[JURIST] The US District Court for the Southern District of New York [official website] Tuesday ordered Galleon Group hedge fund founder Raj Rajaratnam [WSJ archive] to pay an unprecedented civil penalty for insider trading. In a thorough analysis of the appropriate amount of the fine, Judge Jed Rakoff handed down a $92.8 million penalty [opinion, PDF] in the culmination of a civil lawsuit against Rajaratnam brought by the Securities and Exchange Commission (SEC) [official website]. The penalty is the largest fine ever imposed on an individual in an SEC insider trading case. Rakoff summarized the state of the law:
SEC civil penalties, most especially in a case involving such lucrative misconduct as insider trading, are designed, most importantly, to make such unlawful trading “a money-losing proposition not just for this defendant, but for all who would consider it, by showing that if you get caught … you are going to pay severely in monetary terms.”
By statute the court is empowered to “impose a penalty of up to, but no more than, ‘three times the profit gained or the loss avoided.'” Rakoff reasoned that Rajaratnam’s fortune was considerably more than the fines imposed on him as a result of his criminal convictions and felt the punishment should be relative the the one-time billionaire’s net-worth, intentionally depriving Rajaratnam of a “material part of his fortune.” Rajaratnam has already been ordered to pay a $10 million fine and forfeit $53.8 million in profits since he was convicted [JURIST report] of insider trading in May.

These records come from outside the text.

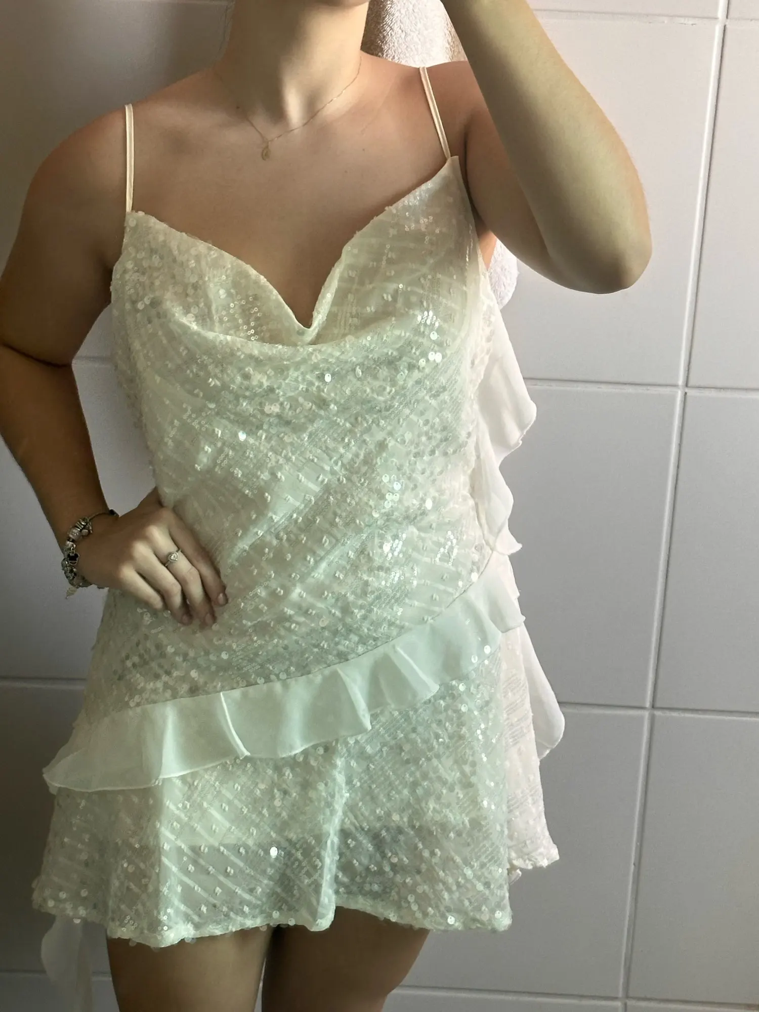 Shimmer into the sun in our Sequin Mini Dress— a backless beach slip that turns heads and keeps you cool all summer long.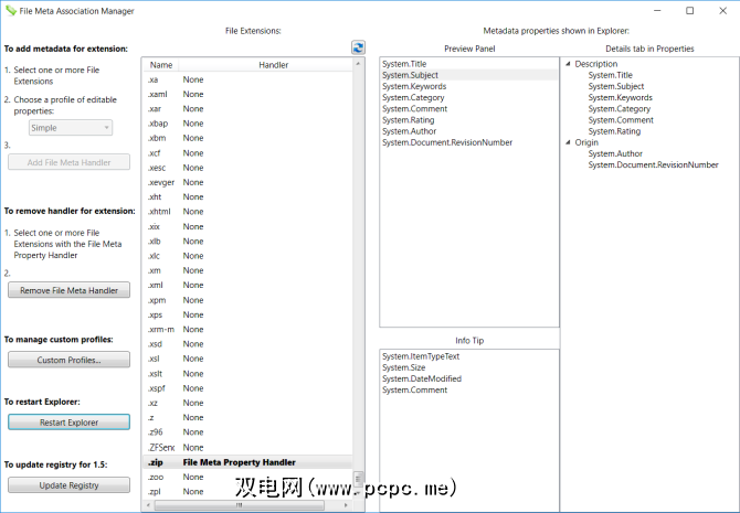 要添加元数据,请选择文件扩展名,然后选择Windows提供的可编辑属性的配置文件。然后,点击添加文件元处理程序。重新启动资源管理器以生效。
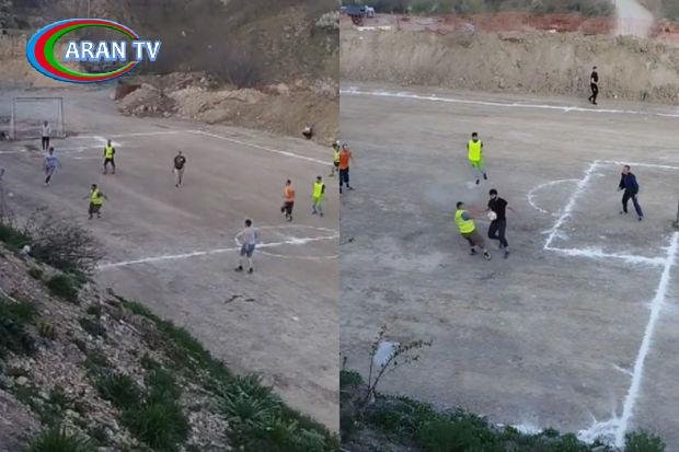 İşğaldan azad olunan Kəlbəcərdə tikinti işçilərinin futbol oynamaları diqqət çəkib.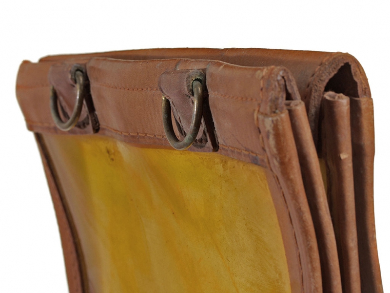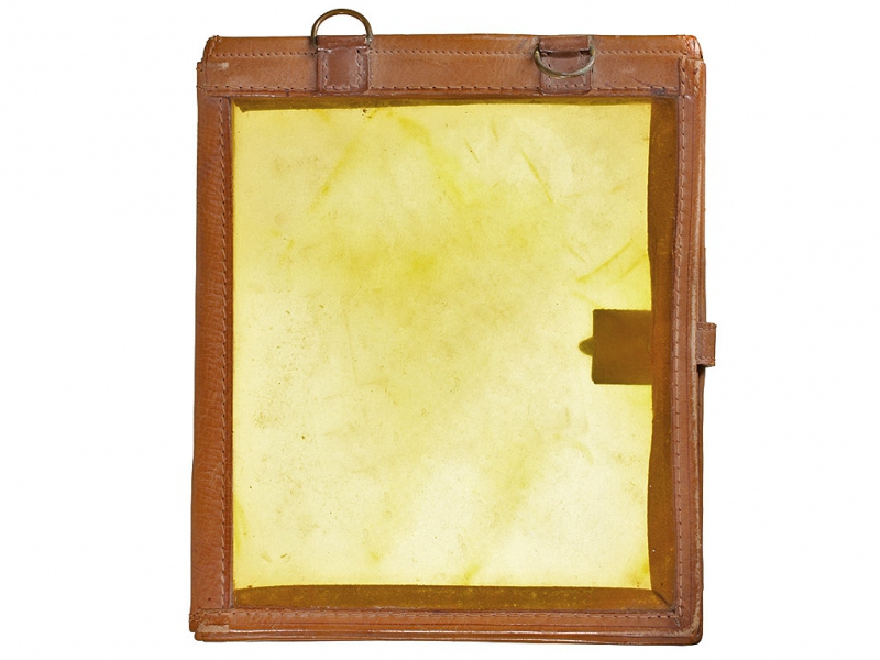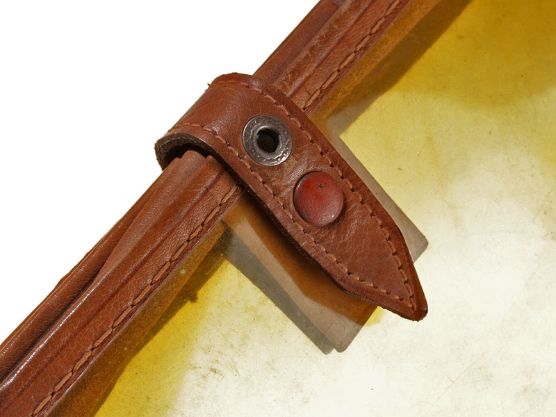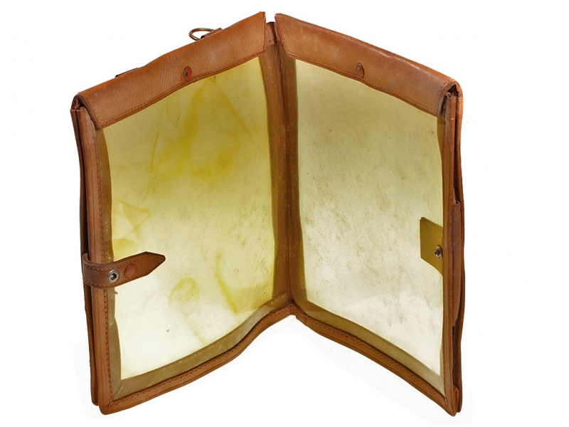 Пошитый из светло-коричневой кожи с целлулоидными вставками планшет для карт, изготовленный в первые послевоенные годы в советской зоне оккупации Германии. Такие планшеты, наряду с прочим снаряжением, либо шились для советских офицеров по репарации, либо заказывались в частном порядке теми, кто проходил там службу в те годы.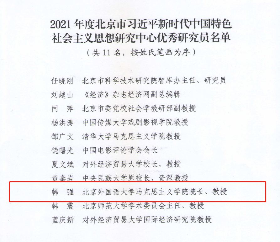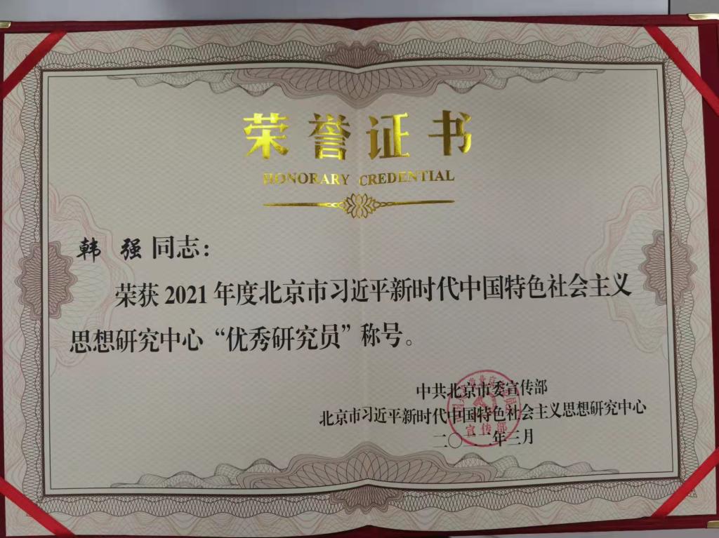 3月24日,北京市习近平新时代中国特色社会主义思想研究中心召开2021年工作总结暨2022年工作部署会,会议通报了2021年度北京市习近平新时代中国特色社会主义思想研究中心研究基地工作情况,并评选了2021年度北京市习近平新时代中国特色社会主义思想研究中心优秀研究员、优秀工作者和优秀研究基地,买球官网韩强教授获评2021年度北京市习近平新时代中国特色社会主义思想研究中心优秀研究员。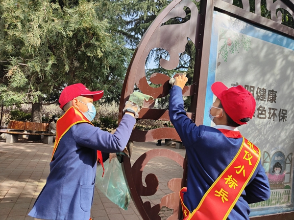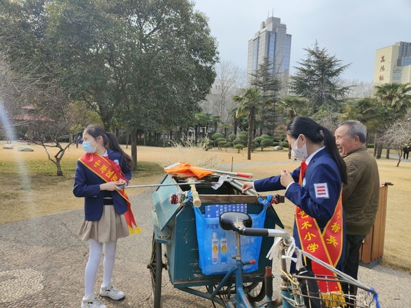 隨后,小志愿者們在輔導(dǎo)員老師的帶領(lǐng)下走進碧沙崗公園,在做好自身防護的同時,盡己所能幫助清潔員爺爺一起清掃垃圾,擦拭宣傳欄、健身器材、垃圾桶等公共物品,以實際行動引導(dǎo)少先隊員學(xué)習(xí)雷鋒精神從身邊做起、從日常做起,共創(chuàng)共享和諧美好生活。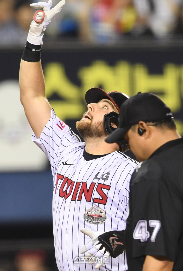 LG 오스틴이 9일 잠실구장에서 열린 2024 KBO리그 KIA와 경기 6회말 무사 1루 상황에서 KIA 선발 네일을 상대로 2점 홈런을 친 뒤 세리머니를 하고 있다. 2024. 7. 9.

Rajaratnam was sentenced to 11 years in prison [JURIST report] last month after he was convicted of orchestrating the largest insider trading case in US history. The jury found him guilty of nine counts of securities fraud and five counts of conspiracy to commit securities fraud, and others have been implicated in the insider trading scheme with Rajaratnam. Danielle Chiesi pleaded guilty in January and settled with the SEC [JURIST reports] in July. Former IBM senior vice president Robert Moffat was sentenced to six months in prison last September and was ordered to pay a $50,000 fine for his role in the scheme after pleading guilty [JURIST reports] in March 2010. Former Intel Capital executive Rajiv Goel pleaded guilty [JURIST report] to insider trading charges in February 2010. Rajaratnam, Chiesi, Goel and Moffat were arrested in October 2009 and charged [complaint, PDF] along with two other individuals and two business entities. The complaint alleged that the individuals provided Galleon Group and another hedge fund with material nonpublic information about several corporations upon which the funds traded, generating $25 million in illicit gain.